I rolled along in stop-and-go traffic and sat in companionable silence with the radio, listening to news headlines and a political call-in show. I watched the sky darken to pale green and orange, then finally blue velvet and black.

I arrived to the event an hour late, but it didn’t faze me. I parked in the elephantine concrete structure and tucked my ticket into my purse. Following the signs to the elevators, I descended back down to street level, where I emerged into a glittering, upscale world. Pristine, pale stone buildings garnished with tasteful lights and expensive displays greeted me calmly, genteely. I was pleasantly surprised, if a little underdressed, and I found my destination in minutes.

The book signing was marvelous, but that’s not what made this night so unusual.

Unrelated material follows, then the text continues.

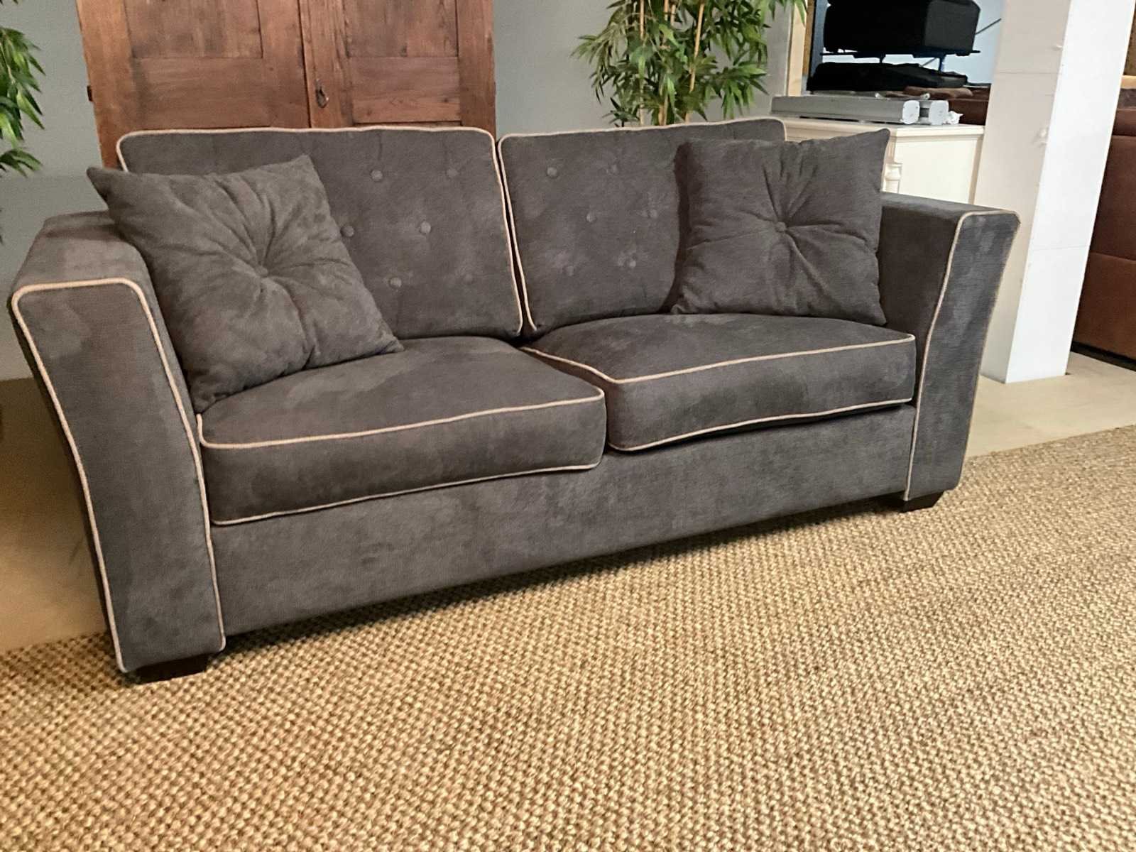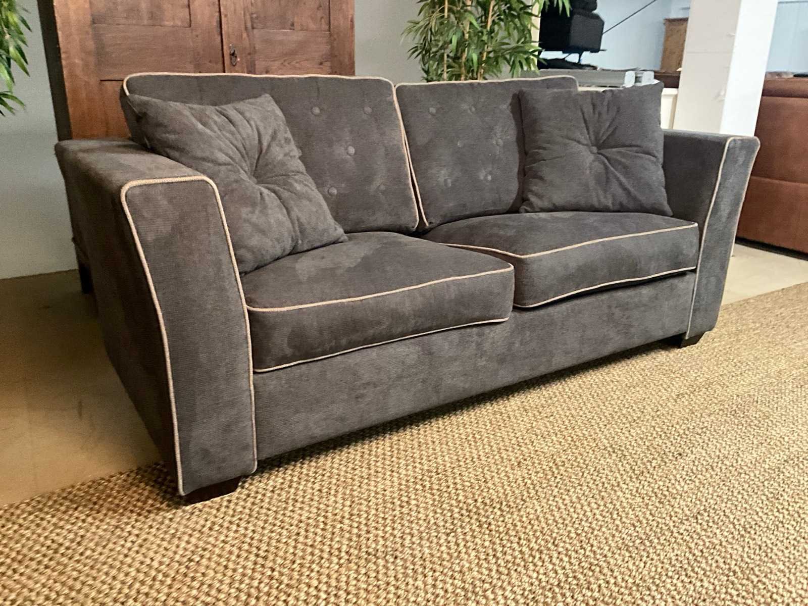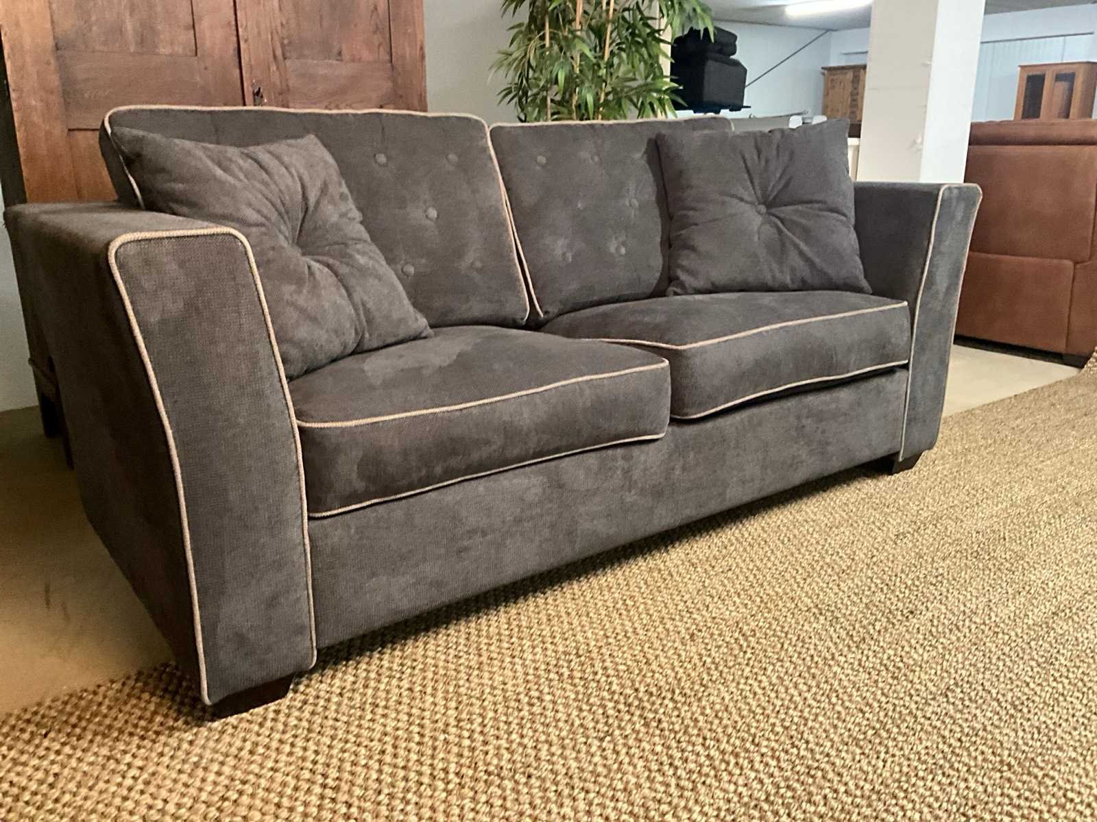 Stof beschadigd aan zijkant Model: Motown Zitplaatsen: 3 Breedte: 210cm Hoogte: 100cm Zithoogte: 48cm Diepte: 92cm

It was the fear. Or rather, the lack of it.

My mind has one radio frequency: worry. There are hours and days when I can tune to something lighter, a catchy, upbeat pop song instead of the usual gloomy dirge. But for the most part, that’s where I’m stuck.

The upshot is that new endeavors are almost always, without fail, tainted by fear. Unnecessary, needless fear.

But that night, I was unscathed. I moved through the world with a confidence that normally escapes me. I was free of fear.

Now, I know this anecdote will sound pathetic to some. In the grand scheme of things, I didn’t move any mountains or face any real challenges. But everyone has their comfort zones and their limits, and for one night, I managed to stretch outside of both.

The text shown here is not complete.